Small, tropical catfish species are popular ornamental fish in freshwater aquariums because of their interesting appearance . The South American armored catfish (Callichthyidae), the armored catfish (Loricariidae), the whiskered catfish (Mochokidae) as well as individual species from the family of the cross catfish (Ariidae), the antenna catfish (Pimelodidae) and the frying pan catfish (Aspredinidae) are particularly important in the aquarium hobby. .

Catfish in a restaurant in Wuhan


Individual evidence

  1. a b c J. P. Sullivan, JG Lundberg, M. Hardman: A phylogenetic analysis of the major groups of catfishes (Teleostei: Siluriformes) using rag1 and rag2 nuclear gene sequences . In: Mol Phylogenet Evol. tape 41 , no. 3 , 2006, p. 636-662 , doi : 10.1016 / j.ympev.2006.05.044 .
  2. a b c Joseph S. Nelson, Terry C. Grande, Mark VH Wilson: Fishes of the World.
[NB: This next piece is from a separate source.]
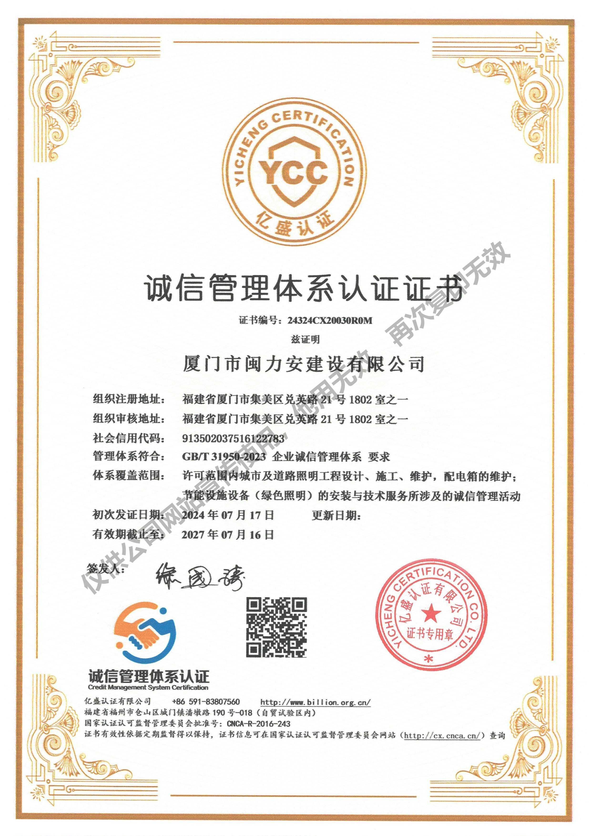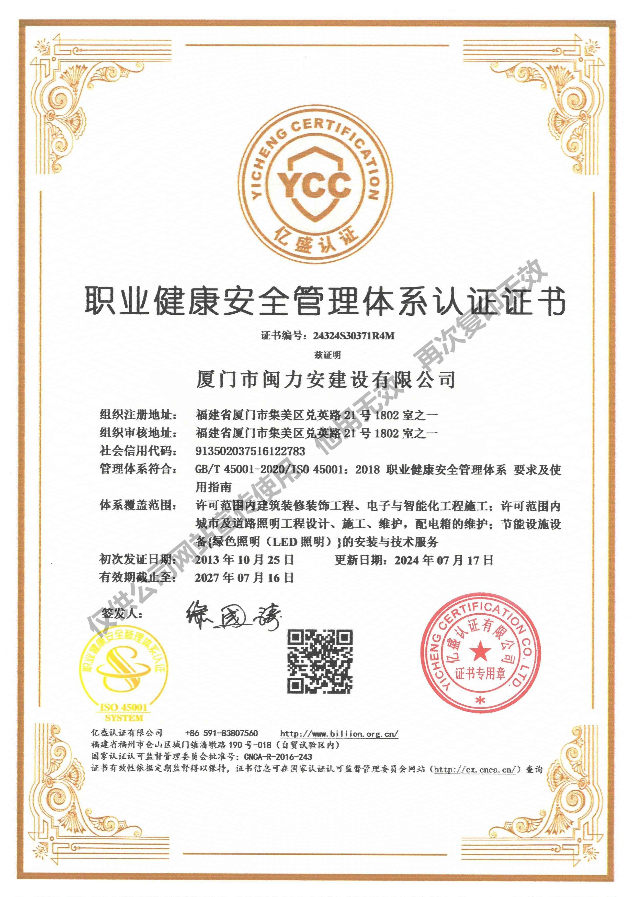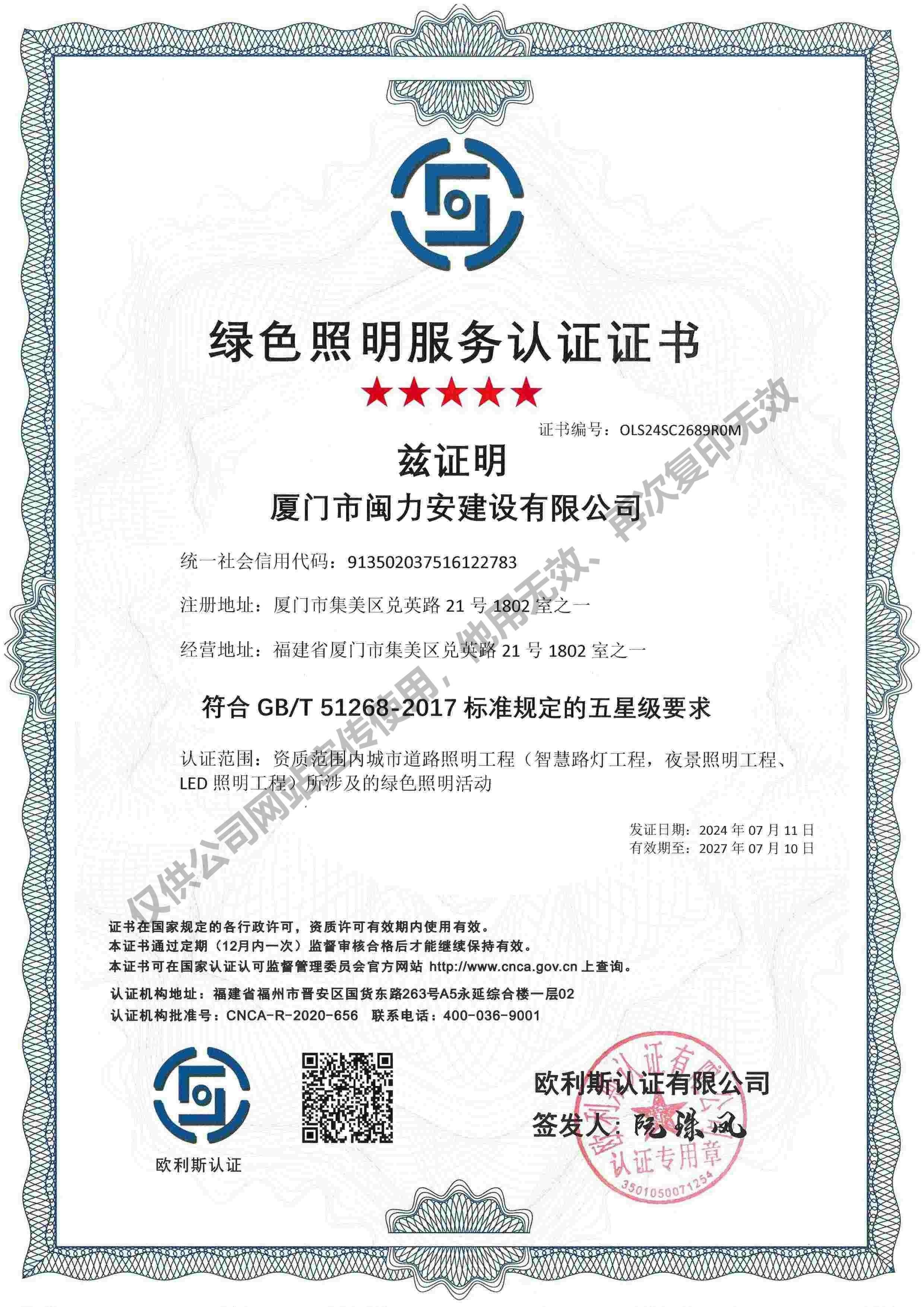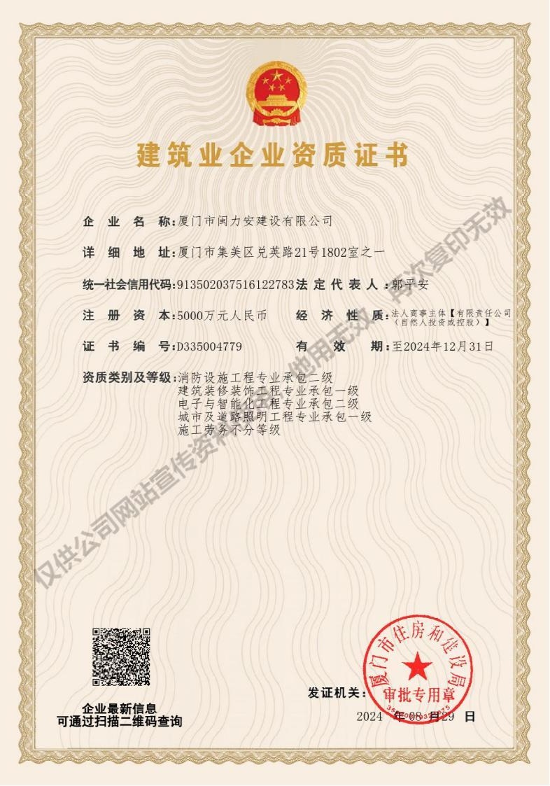 廈門市閩力安建設(shè)有限公司成立于2003年,公司取得市政公用工程施工總承包貳級(jí)、建筑裝修裝飾工程專業(yè)承包壹級(jí)、城市及道路照明工程專業(yè)承包壹級(jí)、電子與智能化工程專業(yè)承包貳級(jí)、消防設(shè)施工程專業(yè)承包貳級(jí)、電力工程施工總承包叁級(jí)、建筑機(jī)電安裝工程專業(yè)承包叁級(jí)、輸變電工程專業(yè)承包叁級(jí)、環(huán)保工程專業(yè)承包叁級(jí)、照明工程設(shè)計(jì)專項(xiàng)甲級(jí)、建筑裝飾工程設(shè)計(jì)乙級(jí)、施工勞務(wù)等資質(zhì)的綜合型企業(yè),公司于2013年通過(guò)了ISO9001質(zhì)量體系認(rèn)證,ISO14001環(huán)境管理體系認(rèn)證,OHSAS18001職業(yè)健康安全管理體系認(rèn)證。

John Wiley & Sons, 2016, ISBN 978-1-118-34233-6 .
  3. ^ JG Lundberg, JP Friel: Siluriformes. Catfishes. The Tree of Life Web Project .
  4. ^ A b c Michael N. Bruton: Alternative life-history strategies of catfishes . In: Aquat. Living Resour. tape 9 , 1996, pp. 35-41 , doi : 10.1051 / alr: 1996040 .
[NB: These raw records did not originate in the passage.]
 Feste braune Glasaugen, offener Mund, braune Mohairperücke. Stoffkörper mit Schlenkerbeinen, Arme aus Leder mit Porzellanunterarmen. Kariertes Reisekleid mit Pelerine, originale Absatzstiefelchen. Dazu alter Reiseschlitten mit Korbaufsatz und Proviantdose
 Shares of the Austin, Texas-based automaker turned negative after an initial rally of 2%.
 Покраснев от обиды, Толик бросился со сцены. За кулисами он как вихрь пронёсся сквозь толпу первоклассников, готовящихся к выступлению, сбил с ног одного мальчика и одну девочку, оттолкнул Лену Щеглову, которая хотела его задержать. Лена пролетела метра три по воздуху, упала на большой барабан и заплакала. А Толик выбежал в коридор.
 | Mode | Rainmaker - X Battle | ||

  5. Thomas G. Langecker, Glenn Longley: Morphological Adaptations of the Texas Blind Catfishes Trogloglanis pattersoni and Satan eurystomus (Siluriformes: Ictaluridae) to Their Underground Environment . In: Copeia . tape 1993 , 1993, pp. 976-986 , doi : 10.2307 / 1447075 .
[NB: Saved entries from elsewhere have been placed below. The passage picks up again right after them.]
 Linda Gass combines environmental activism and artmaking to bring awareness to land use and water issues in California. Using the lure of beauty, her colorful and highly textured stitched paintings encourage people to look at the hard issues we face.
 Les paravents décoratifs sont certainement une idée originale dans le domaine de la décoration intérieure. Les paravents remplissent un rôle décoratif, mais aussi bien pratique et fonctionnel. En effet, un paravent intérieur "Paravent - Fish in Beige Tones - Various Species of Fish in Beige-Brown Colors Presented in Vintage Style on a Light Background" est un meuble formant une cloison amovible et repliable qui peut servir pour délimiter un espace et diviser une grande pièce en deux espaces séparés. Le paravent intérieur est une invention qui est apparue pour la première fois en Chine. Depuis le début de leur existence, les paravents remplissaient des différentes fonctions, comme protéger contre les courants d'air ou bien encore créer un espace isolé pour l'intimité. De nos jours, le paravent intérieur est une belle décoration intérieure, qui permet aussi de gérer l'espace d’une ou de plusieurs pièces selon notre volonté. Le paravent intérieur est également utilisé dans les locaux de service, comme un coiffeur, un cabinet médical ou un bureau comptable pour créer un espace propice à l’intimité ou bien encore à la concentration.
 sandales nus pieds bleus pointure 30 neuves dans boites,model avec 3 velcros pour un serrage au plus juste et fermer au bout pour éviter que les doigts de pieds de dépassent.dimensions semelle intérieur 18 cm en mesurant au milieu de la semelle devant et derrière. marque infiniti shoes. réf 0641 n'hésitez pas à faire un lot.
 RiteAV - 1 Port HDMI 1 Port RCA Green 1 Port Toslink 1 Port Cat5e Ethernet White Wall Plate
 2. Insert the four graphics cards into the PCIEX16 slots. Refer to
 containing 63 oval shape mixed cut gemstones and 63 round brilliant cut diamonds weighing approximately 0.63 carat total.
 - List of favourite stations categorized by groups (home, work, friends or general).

  6. Dean A. Hendrickson, Jean K. Krejca, Juan Manuel Rodríguez Martinez: Mexican blindcats genus Prietella (Siluriformes: Ictaluridae): an overview of recent explorations . In: Environmental Biology of Fishes . tape 62 , 2001, p. 315-337 , doi : 10.1023 / A: 1011808805094 .
  7. N. Monks (Ed.): Brackish Water Fishes. TFH, 2006, ISBN 0-7938-0564-3 .
  8. F. Schaefer: Brackish Water Fishes. Aqualog, 2005, ISBN 3-936027-82-X .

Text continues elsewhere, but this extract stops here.